Extracted records:
——
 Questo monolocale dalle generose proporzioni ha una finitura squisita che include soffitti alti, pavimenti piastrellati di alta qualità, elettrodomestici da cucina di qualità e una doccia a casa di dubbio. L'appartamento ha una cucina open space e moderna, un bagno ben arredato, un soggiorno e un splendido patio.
——
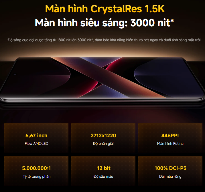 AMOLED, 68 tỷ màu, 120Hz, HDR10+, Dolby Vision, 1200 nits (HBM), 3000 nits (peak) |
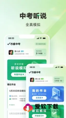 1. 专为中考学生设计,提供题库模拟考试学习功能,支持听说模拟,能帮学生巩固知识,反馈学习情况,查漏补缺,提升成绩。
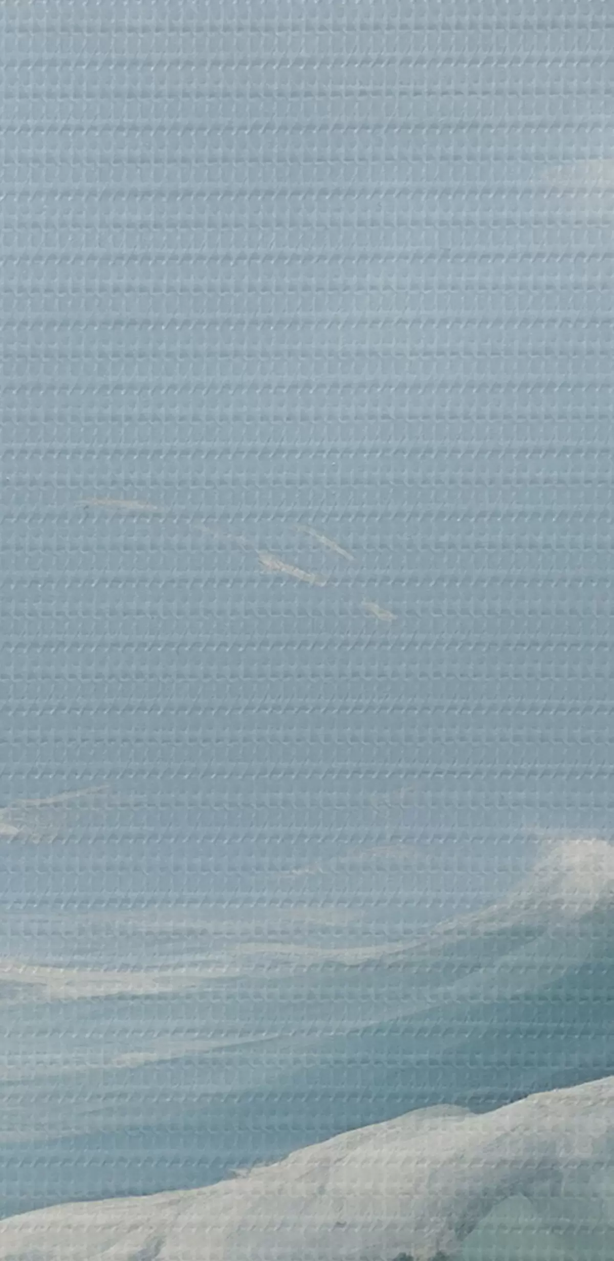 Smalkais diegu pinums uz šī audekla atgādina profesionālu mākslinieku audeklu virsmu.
——
Give back exactly the lines above from the one with "AMOLED, 68 tỷ" through the one with "Smalkais diegu pinums", both included. Pictures don't belong in the copy.

 AMOLED, 68 tỷ màu, 120Hz, HDR10+, Dolby Vision, 1200 nits (HBM), 3000 nits (peak) |
 1. 专为中考学生设计,提供题库模拟考试学习功能,支持听说模拟,能帮学生巩固知识,反馈学习情况,查漏补缺,提升成绩。
 Smalkais diegu pinums uz šī audekla atgādina profesionālu mākslinieku audeklu virsmu.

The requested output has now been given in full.